The internal format of COMPASS are peak lists in Sparky format and the supported types of peak lists are: HNCA(i)(i-1), HNCA(i-1), HNCB(i)(i-1), HNCB(i-1), HNCO(i)(i-1), HNCO(i-1) and 15N-1H HSQC. The ‘i’ and ‘i-1’ denotations refer to the 13C nuclei of internal and sequential residues, respectively. For HNCB lists, 13Cα chemical shifts in combination with 13Cβ chemical shifts are also accepted. For a description of which experiments that can be used to generate the different peak lists, see S1 Table.
A peak list in Sparky format consists of a header row and a blank row followed by entries with one peak per row. The first column of each entry is the name of the peak, the second column is the 15N chemical shift, the third column is a particular 13C chemical shift and the fourth column is the amide proton chemical shift in the case of peak lists for triple resonance experiments. For HSQC peaks lists the third column of course refers to the amide proton chemical shift. The ‘Label’ module requires an additional column that holds the peak intensities.

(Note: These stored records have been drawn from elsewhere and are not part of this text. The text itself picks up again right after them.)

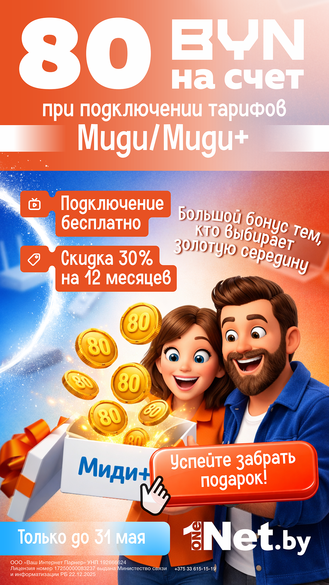 В апреле и мае подключайте любой тариф со скидкой 30% на 12 месяцев, а при выборе Миди/Миди+ получите 80 рублей на счёт в подарок.
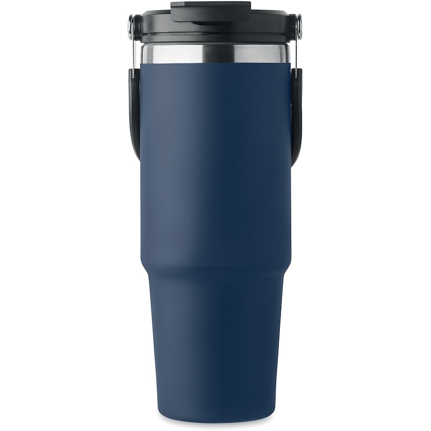 Stort termosmugg med bärhandtag. Mirabelle har dubbla väggar och är tillverkad av 90% återvunnet rostfritt stål och 10% vanligt rostfritt stål. Locket har ett inre sugrör, vikbart munstycke och dricksöppning.
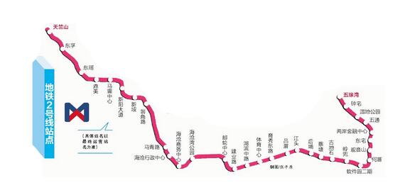 厦门地铁2号线起点坐落天竺山森林公园,结尾坐落本岛五缘湾,全场41.6公里,全线为地下线,选用标准B型空调车辆,六辆编组,最高时速为80km/h。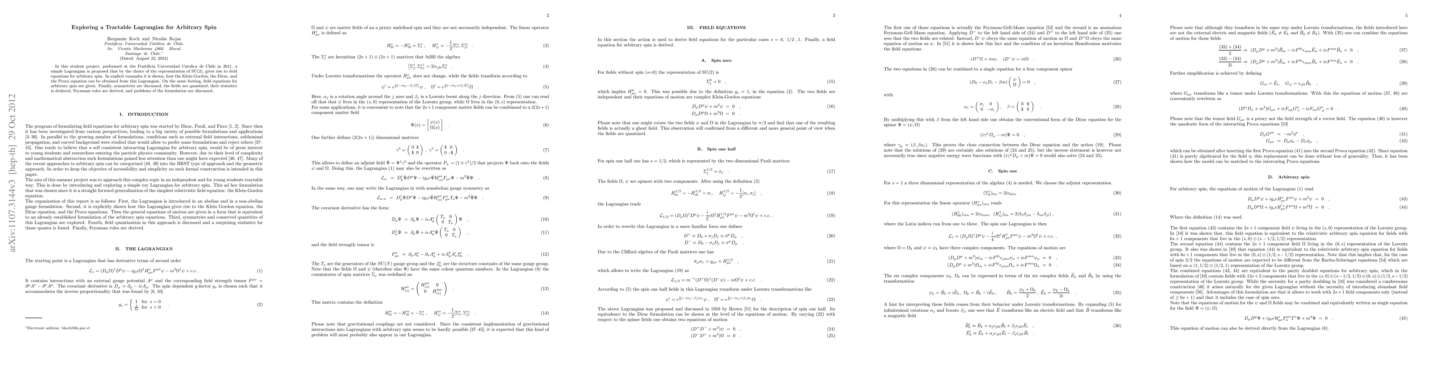 A simple Lagrangian is proposed that by the choice of the representation of SU(2), gives rise to field equations for arbitrary spin. In explicit examples it is shown, how the Klein-Gordon, the Dirac, and the Proca equation can be obtained from this Lagrangian. On the same footing, field equations for arbitrary spin are given. Finally, symmetries are discussed, the fields are quantized, their statistics is deduced, and Feynman rules are derived.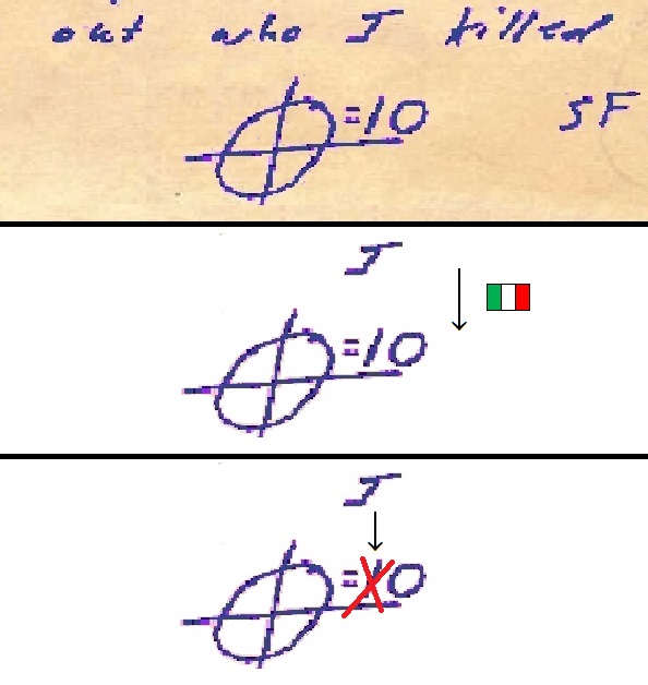 - Zodiac รจ in grado di costruire testi cifrati complessi come il 340, e potrebbe essere stato addestrato a farlo dai militari USA, secondo gli esperti dell’esercito (capitolo 2). Dovrebbe sapere che con un testo cifrato di 13 simboli si possono ottenere molti nomi utilizzando diversi cifrari ugualmente validi (รจ compatibile con un serial killer narcisista?);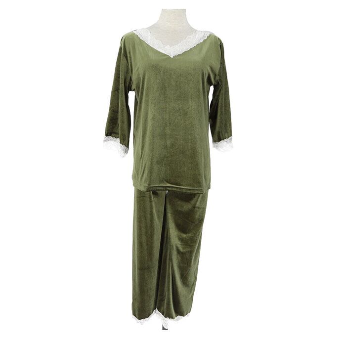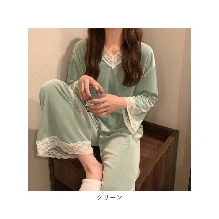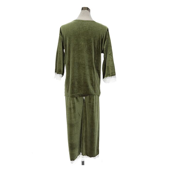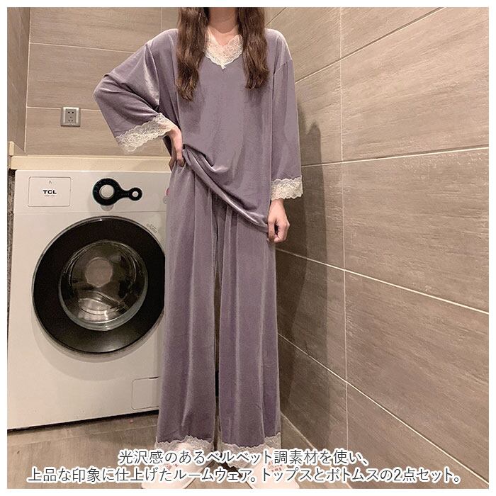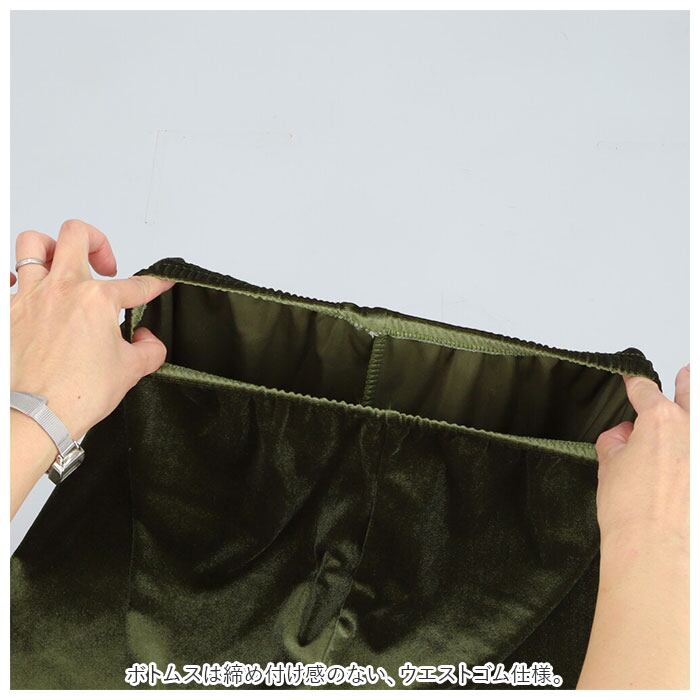 ・光沢感のあるベルベット調素材を使い、上品な印象に仕上げたルームウェア。トップスとボトムスの2点セット。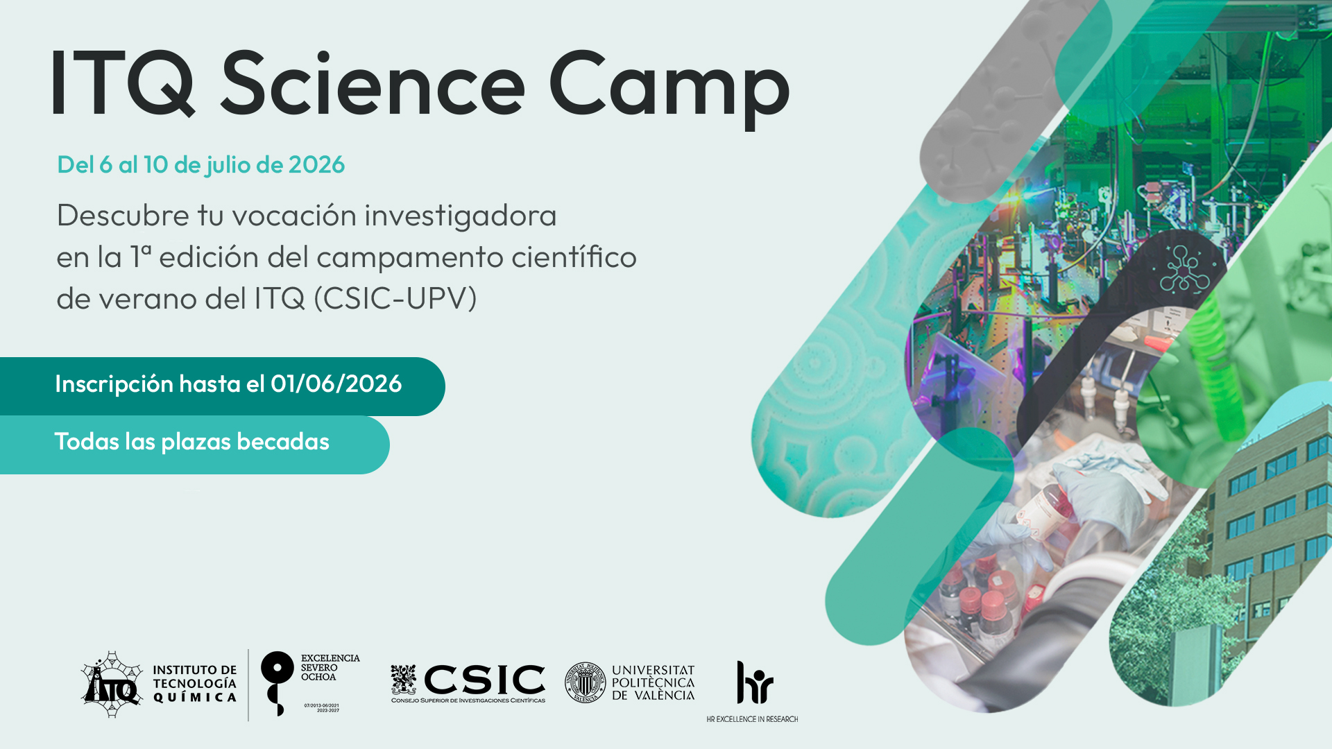 El Instituto de Tecnología Química (ITQ CSIC-UPV) ha organizado la primera edición del campamento científico de verano, ITQ Science Camp, que tiene como objetivo promover la vocación científica e investigadora entre estudiantes de grado y máster. El evento se realizará del 6 al 10 de julio de 2026 en las instalaciones del ITQ (Avinguda dels Tarongers s/n, València).

Unassigned peaks are named ‘?-?-?’ and assigned ones are named ‘X(n)N-Cξ-HN’ and ‘X(n)N-Y(n-1)Cξ-X(n)HN’ for peaks involving internal and sequential correlations to 13C nuclei, respectively. Here, X and Y denote the amino acid one letter code, (n) is the residue number or index for amide groups and internal correlations with carbons, (n−1) is the residue number or index for a sequential carbon correlation and Cξ is CA, CB or CO.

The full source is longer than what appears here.